Post by: taiga on March 26, 2011, 01:13:26 pm: I think he means 2npi

[edit] - my bad didnt read his working out, skipped to final line xD
Title: Re: Forgotten basic methods!
Post by: pi on March 26, 2011, 01:13:33 pm: Quote from: Studyinghard on March 26, 2011, 01:10:54 pm
wait what where did you get 3npi from in your edited post :S

Instead of $x = \frac{\pi}{2} + 3n\pi, \frac{5\pi}{2} + 3n\pi \ or \ x = \frac{7\pi}{2} + 3n\pi, \frac{11\pi}{2} + 3n\pi$ , I simplified it down to just two solutions. btw, as it a modulus, the period is actually 3pi (ie x/3 = ...+npi, x = ...+n3pi), not 6pi
Title: Re: Forgotten basic methods!
Post by: Studyinghard on March 26, 2011, 03:51:34 pm: why is the period different for a mod function? When was this rule created :S
Title: Re: Forgotten basic methods!
Post by: pi on March 26, 2011, 03:58:05 pm: Quote from: Studyinghard on March 26, 2011, 03:51:34 pm
why is the period different for a mod function? When was this rule created :S

Because there are no negative ordinates (all negative ordinates turned to positive due to modulus).

The graph looks like a series of 'bumps' (ie no troughs) with a repetition (ie period) of 3pi.

Temporary image:
(http://www4b.wolframalpha.com/Calculate/MSP/MSP382419f0564g3bh0260300003c16fae088c75ci5?MSPStoreType=image/gif&s=36&w=370&h=204)
Title: Re: Forgotten basic methods!
Post by: Menang on March 26, 2011, 04:35:30 pm: There's a reason why I'm so screwed for methods. -_-
Title: Re: Forgotten basic methods!
Post by: Studyinghard on April 09, 2011, 10:37:21 pm: BUMP. just saying that the period was wrong. it was actually 6pi
Title: Re: Forgotten basic methods!
Post by: luken93 on April 10, 2011, 12:16:16 am: Quote from: Studyinghard on April 09, 2011, 10:37:21 pm
BUMP. just saying that the period was wrong. it was actually 6pi
I don't think it's 6pi, think about the graph, it is half of a normal sine graph...

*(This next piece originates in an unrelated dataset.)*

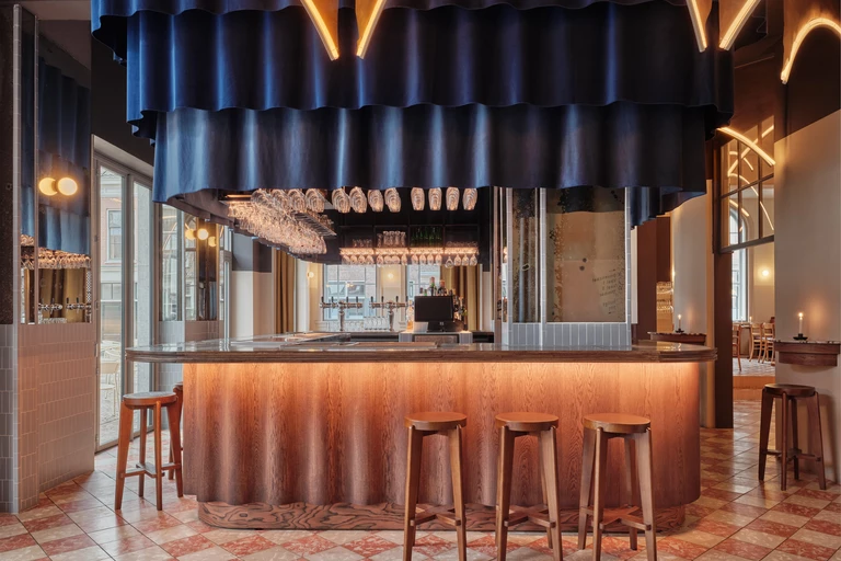Zabudowa baru przypomina zasłonę - fale imitujące tkaninę zostały wyrzeźbione w drewnie. Sęki dębu biegną w dwóch kierunkach, tworząc efektowny kontrast: pionowo na blacie, poziomo na podstawie. Nawiązując do klasycznej brasserie, górną część baru wykonano z cynku. Kolumny w narożnikach zostały wyłożone zaś jasnoniebieskimi płytkami i ręcznie postarzanym lustrem, zaprojektowanymi tak, aby dokładnie pasowały do kolorystyki miasta. Nawiązaniem do sztuk performatywnych są stopki kieliszków do wina, które wystają spod zasłony i wyglądają niczym tutu.

If it were a normal sin(x/3) graph, then yes it would be 6pi, but because it is |sin(x/3)| the period is 6pi/2 = 3pi
Title: Re: Forgotten basic methods!
Post by: Studyinghard on April 10, 2011, 08:20:29 am: Well this was for an assignment and i got it marked wrong. Can we get more confirmations for this so I can argue this ?
Title: Re: Forgotten basic methods!
Post by: TrueTears on April 10, 2011, 05:16:57 pm: $\frac{\frac{2\pi}{\frac{1}{3}}}{2} = 3\pi$ is the period.